Retype every line from the start of the data down to and including the line with "湖北省,作为中国的重要省份之". Skip the pictures.

### DATASET CONTENT
[Start of section]
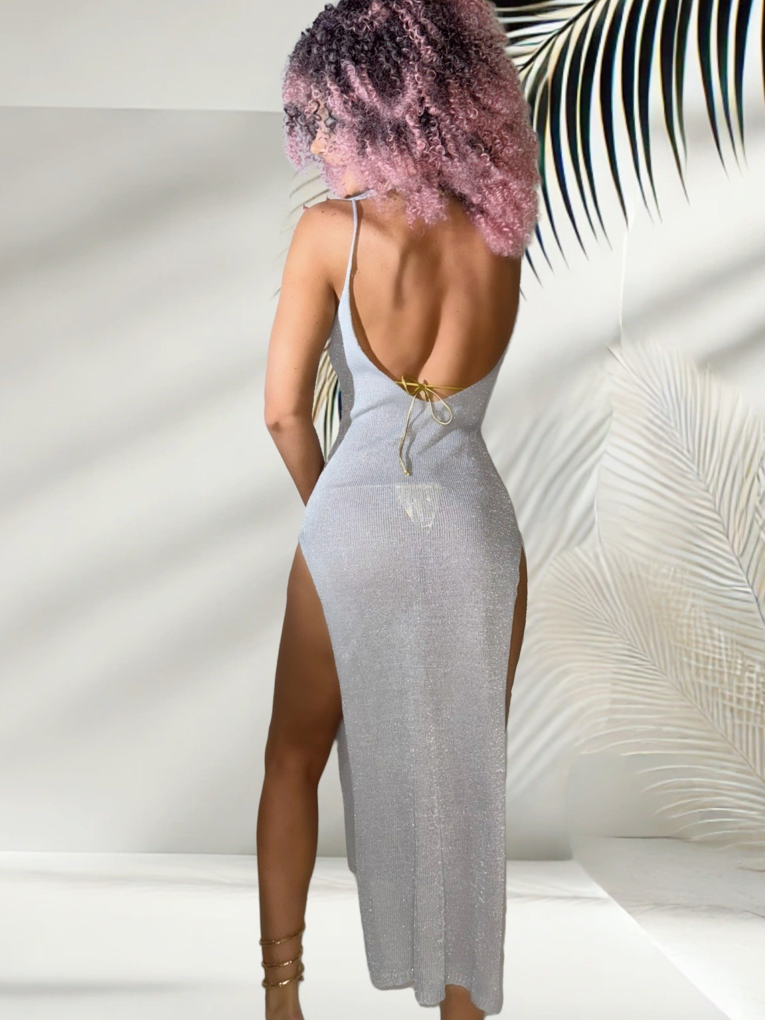 Elegant silver shimmer beach dress featuring a sleek design with adjustable straps and side slits. Perfect for adding a glamorous touch to your beach or poolside look.
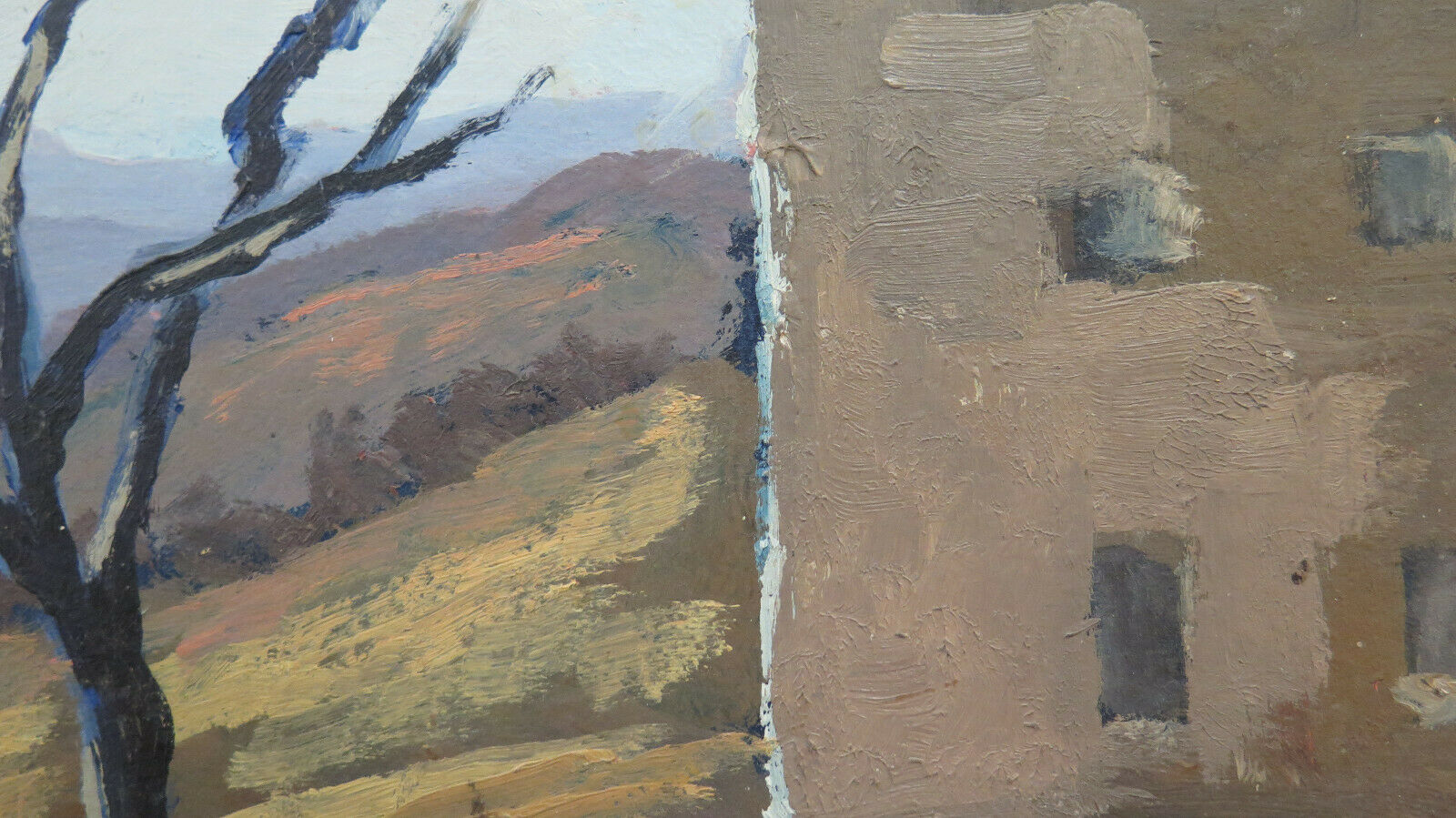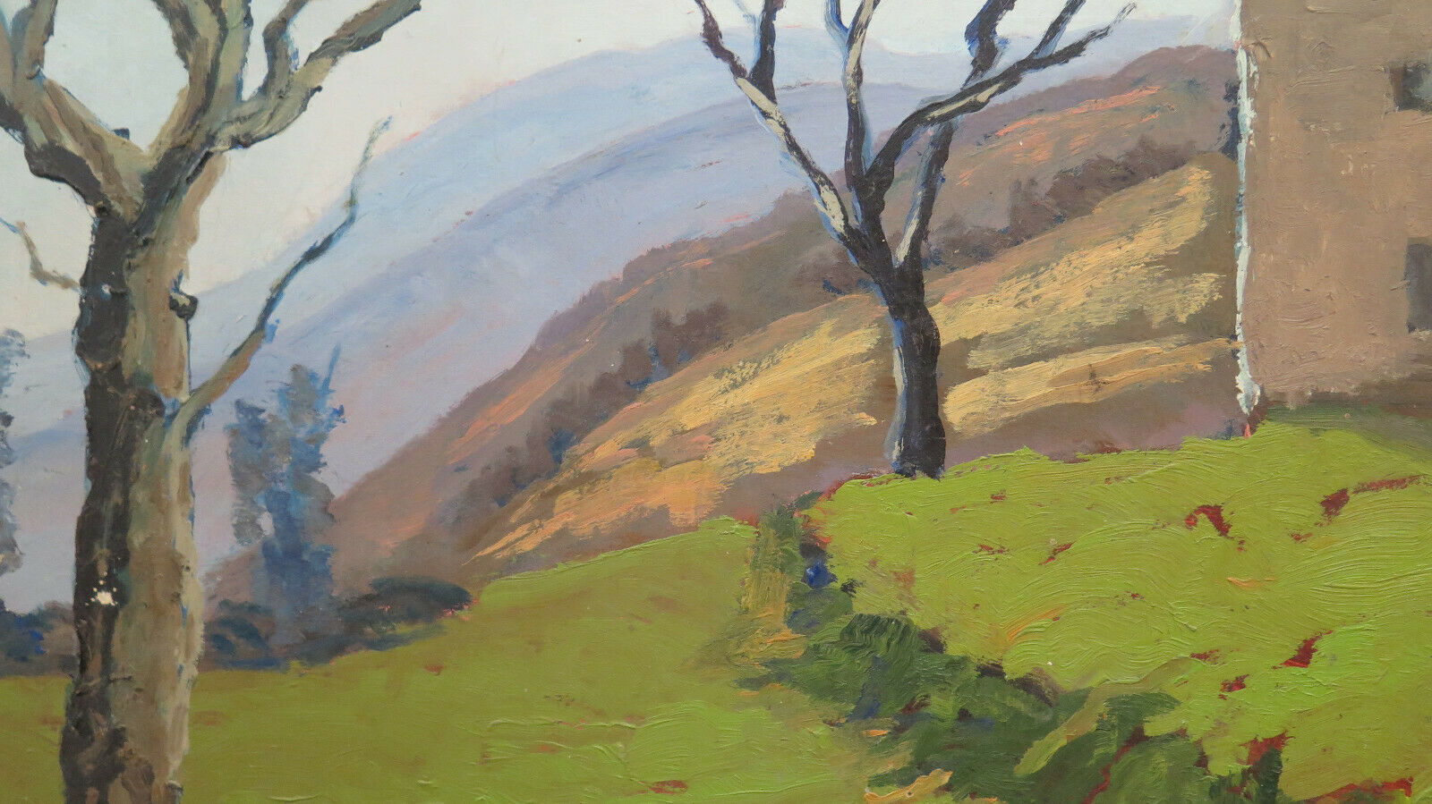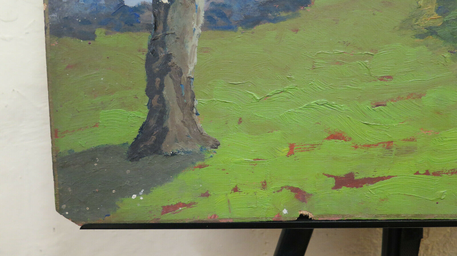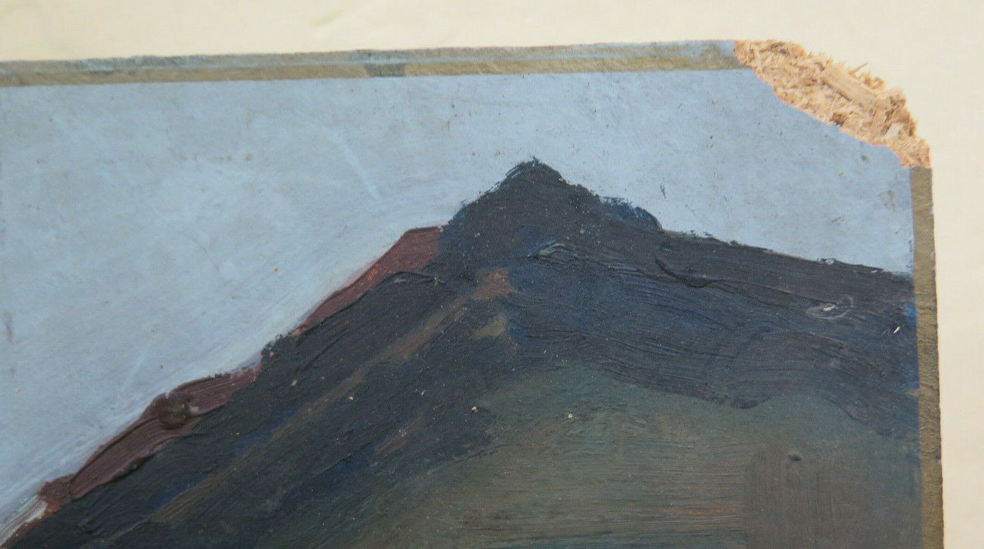 QUADRO AD OLIO SU TAVOLA VINTAGE PAESAGGIO DI CAMPAGNA ALPINO FIRMATO BM52
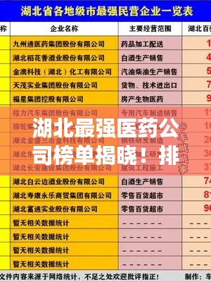 湖北省,作为中国的重要省份之一,医药产业蓬勃发展,众多医药公司崭露头角,本文将为您详细介绍湖北最强的医药公司排名,带您了解这些企业的实力与贡献。
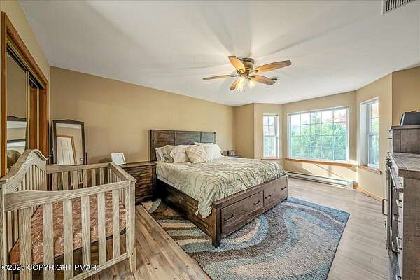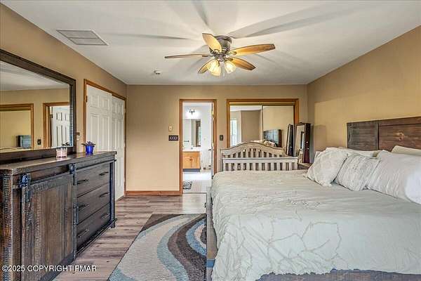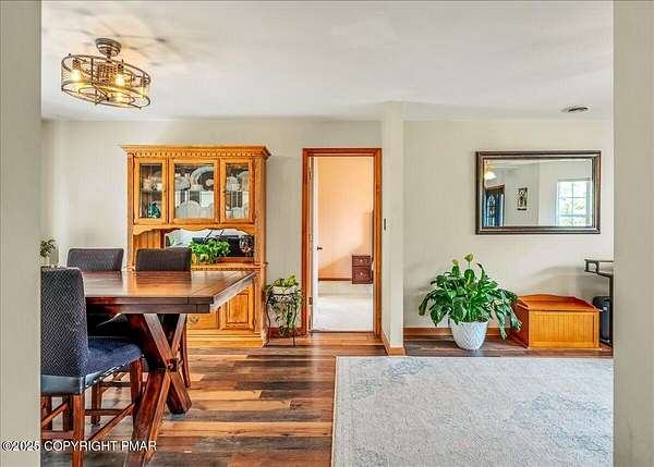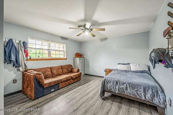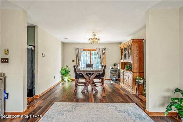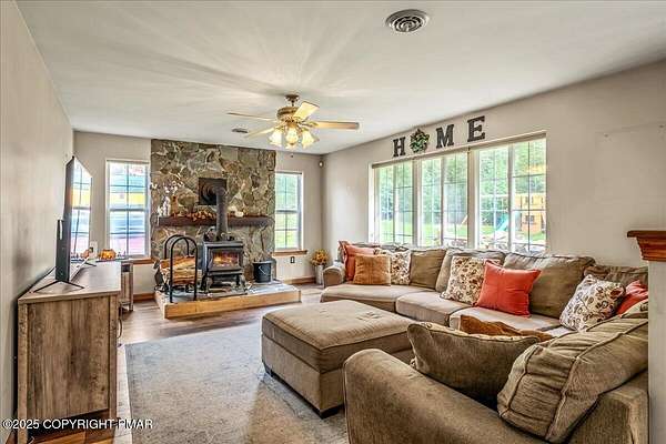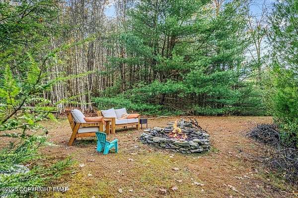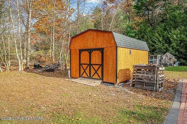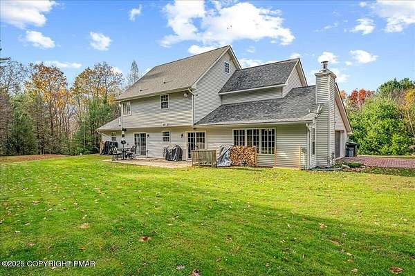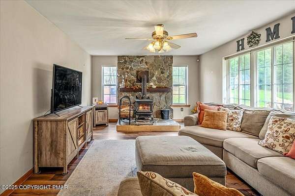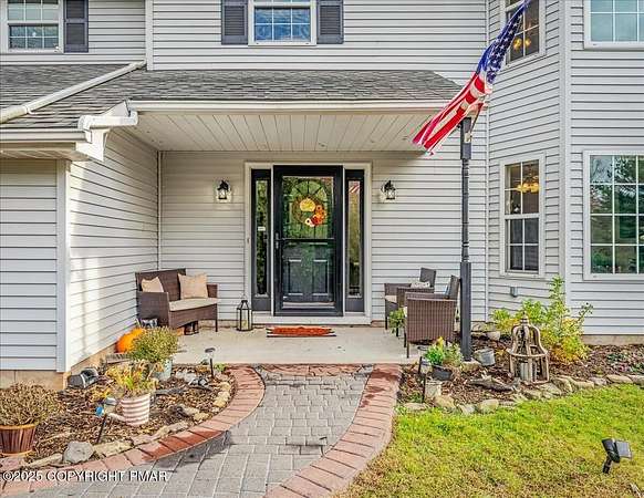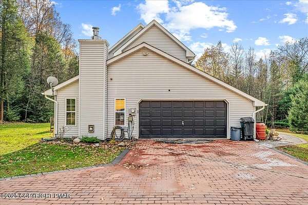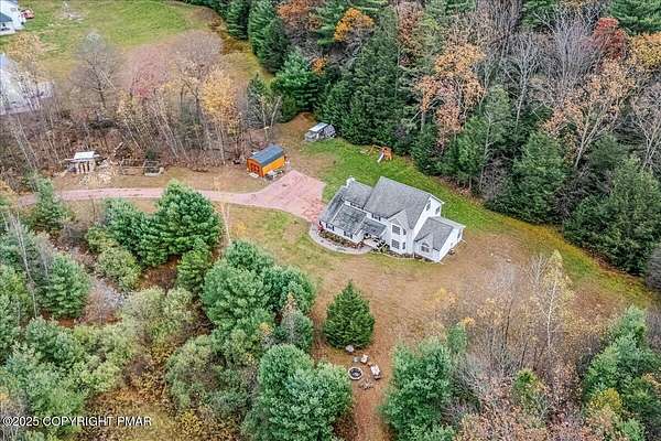 Tucked back from the road on 3.56 peaceful acres, this spacious 4-bedroom, 3.5-bath home offers space, privacy, and charm in the desirable Pleasant Valley School District-with NO HOA! A beautiful paver driveway leads the way to this well-maintained property featuring an inviting fire pit area, a chicken coop, and plenty of space to enjoy the outdoors. Inside, you'll find a bright and open floor plan with a comfortable flow between the kitchen, dining, and TWO living areas. A cozy wood stove adds warmth and character, while an additional family room provides extra room to relax or gather and 1st floor laundry and a convenient and functional half bath check even more boxes! This home features TWO large primary suites-one on each level-each with a large ensuite bath offering double vanities, jetted tubs, and walk-in showers. Two additional generously sized bedrooms complete the 2nd floor. The oversized walk-up attic offers endless potential for storage or future expansion, and the 2-car garage provides ample parking and workspace. Located in a quiet, scenic area of Saylorsburg, this property combines rural tranquility with easy access to major routes, shopping, and outdoor recreation throughout the Poconos!
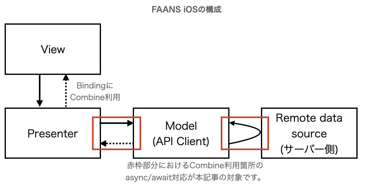 FAANS iOSでは非同期処理にCombineを利用しています。Combine自体は本記事では詳しく解説をしませんが、RxSwiftを利用したことがある方なら特に違和感なく使えるかと思います。全く馴染みがない場合だと覚えることも多く、難しいところもあるかと思いますので、Swift Concurrencyを利用する方が理解しやすいかもしれません。ただし、ViewとPresenterの値のバインディング処理にも利用していますので、FAANS iOSでは当面、Combineも利用していくと思われます。
[End of section]
### SOLUTION FOR THIS TASK
 Elegant silver shimmer beach dress featuring a sleek design with adjustable straps and side slits. Perfect for adding a glamorous touch to your beach or poolside look.
 QUADRO AD OLIO SU TAVOLA VINTAGE PAESAGGIO DI CAMPAGNA ALPINO FIRMATO BM52
 湖北省,作为中国的重要省份之一,医药产业蓬勃发展,众多医药公司崭露头角,本文将为您详细介绍湖北最强的医药公司排名,带您了解这些企业的实力与贡献。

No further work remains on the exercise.